## Problem statement:
Starting with the line that has "Biopak BioCane Clamshell" in the records below and ending with the line that has "luźny- look: jednokolorowy", output those lines exactly and nothing more; omit the pictures.

## Data listing:
━━━━━━━━━━━━━━━━━━━━
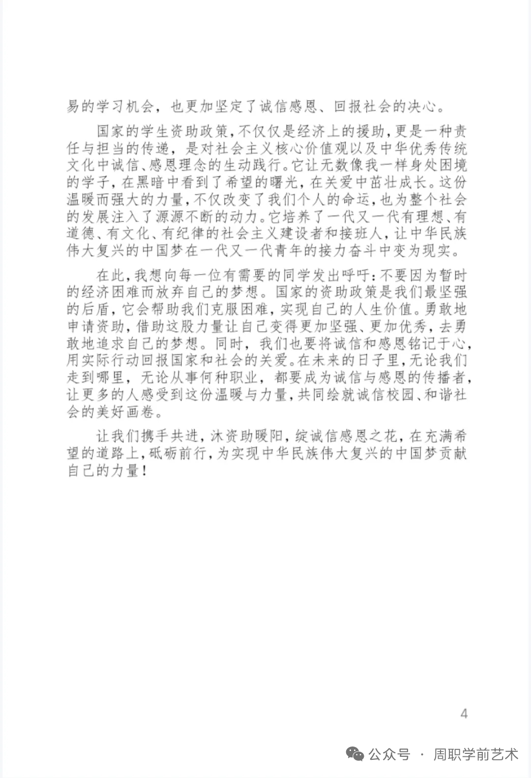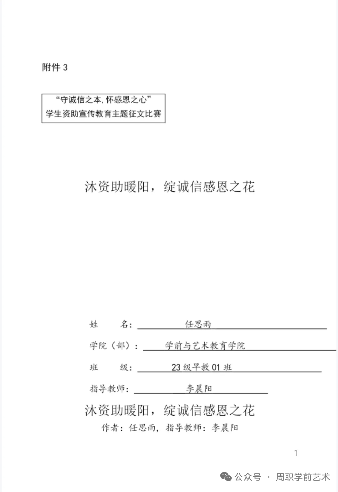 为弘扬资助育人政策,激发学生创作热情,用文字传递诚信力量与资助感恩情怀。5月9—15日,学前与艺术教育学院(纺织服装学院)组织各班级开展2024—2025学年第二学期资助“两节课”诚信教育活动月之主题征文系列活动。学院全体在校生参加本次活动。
━━━━━━━━━━━━━━━━━━━━
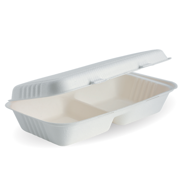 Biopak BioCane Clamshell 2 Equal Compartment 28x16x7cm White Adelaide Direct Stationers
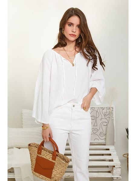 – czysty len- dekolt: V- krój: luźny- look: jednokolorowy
━━━━━━━━━━━━━━━━━━━━
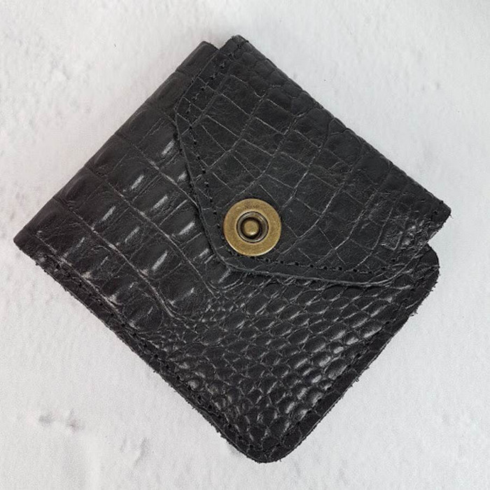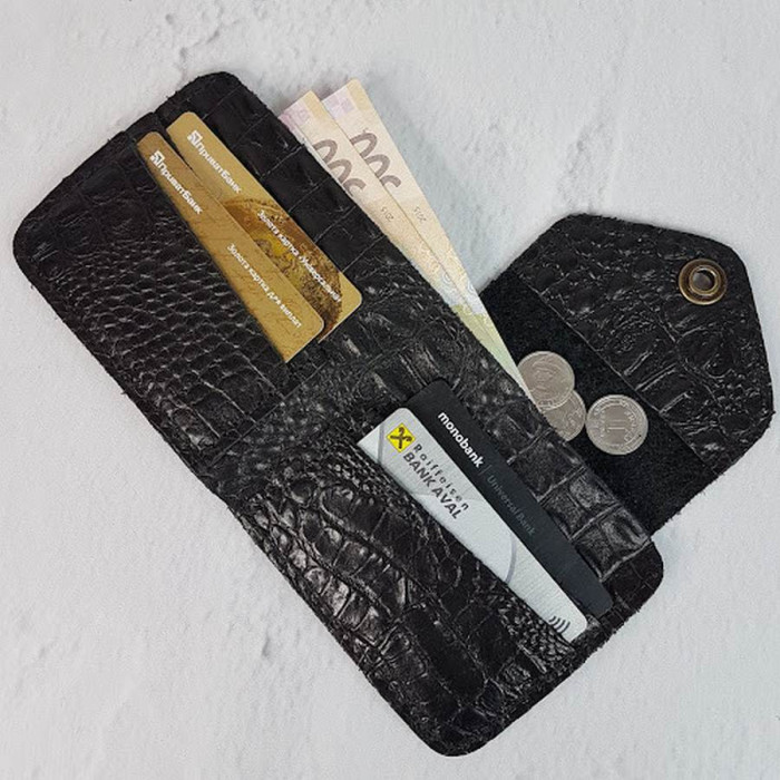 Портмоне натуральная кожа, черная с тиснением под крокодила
━━━━━━━━━━━━━━━━━━━━
## Written response:
 Biopak BioCane Clamshell 2 Equal Compartment 28x16x7cm White Adelaide Direct Stationers
 – czysty len- dekolt: V- krój: luźny- look: jednokolorowy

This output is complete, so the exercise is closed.